In deze uitspraak van de Rechtbank Zeeland-West-Brabant, gedateerd 1 november 2024, wordt het beroep van belanghebbende tegen de uitspraak op bezwaar van de inspecteur van de Belastingdienst beoordeeld. De inspecteur had aan belanghebbende voor het jaar 2021 een aanslag inkomstenbelasting en premie volksverzekeringen opgelegd, waarbij hij de aftrekbare specifieke zorgkosten aanzienlijk had verlaagd. Belanghebbende had in zijn aangifte een bedrag van € 23.773 aan zorgkosten opgevoerd, maar de inspecteur stelde deze vast op slechts € 1.249. Belanghebbende ging in bezwaar, maar dit werd afgewezen door de inspecteur.
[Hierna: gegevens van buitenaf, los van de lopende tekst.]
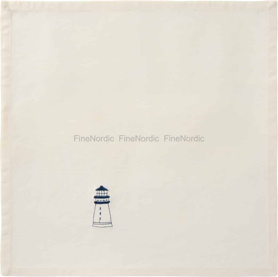Servettens sanna hjärta är den ensamma, vackert broderade fyren. Sydd i en djup, rogivande blå färg står den som en tyst hyllning till de ikoniska landmärken som vaktar de nordiska kusterna. Denna lilla, genomtänkta detalj förvandlar varje måltid till en miniatyrresa till kusten och ger din dukning ett djup av berättelse och karaktär. Det är en inbjudan att sakta ner och njuta av de enkla, vackra stunderna.

De rechtbank behandelt de zaak op 18 oktober 2024, waarbij belanghebbende niet aanwezig was. De rechtbank oordeelt dat de inspecteur de aftrek voor specifieke zorgkosten niet te laag heeft vastgesteld. De rechtbank legt uit dat de aftrek van uitgaven voor specifieke zorgkosten alleen mogelijk is als aan de wettelijke vereisten is voldaan. Belanghebbende heeft niet aangetoond dat hij recht heeft op de gevraagde aftrek. De rechtbank gaat in op verschillende soorten zorgkosten, zoals uitgaven voor medicijnen, hulpmiddelen, vervoer, en extra kleding en beddengoed. In alle gevallen komt de rechtbank tot de conclusie dat belanghebbende niet in zijn bewijslast is geslaagd.
Uiteindelijk verklaart de rechtbank het beroep ongegrond, wat betekent dat de aanslag IB/PVV voor het jaar 2021 niet wordt verminderd. Belanghebbende krijgt geen terugbetaling van het griffierecht en ook geen vergoeding van proceskosten. Deze uitspraak is gedaan door mr. drs. M.H. van Schaik en openbaar gemaakt op www.rechtspraak.nl.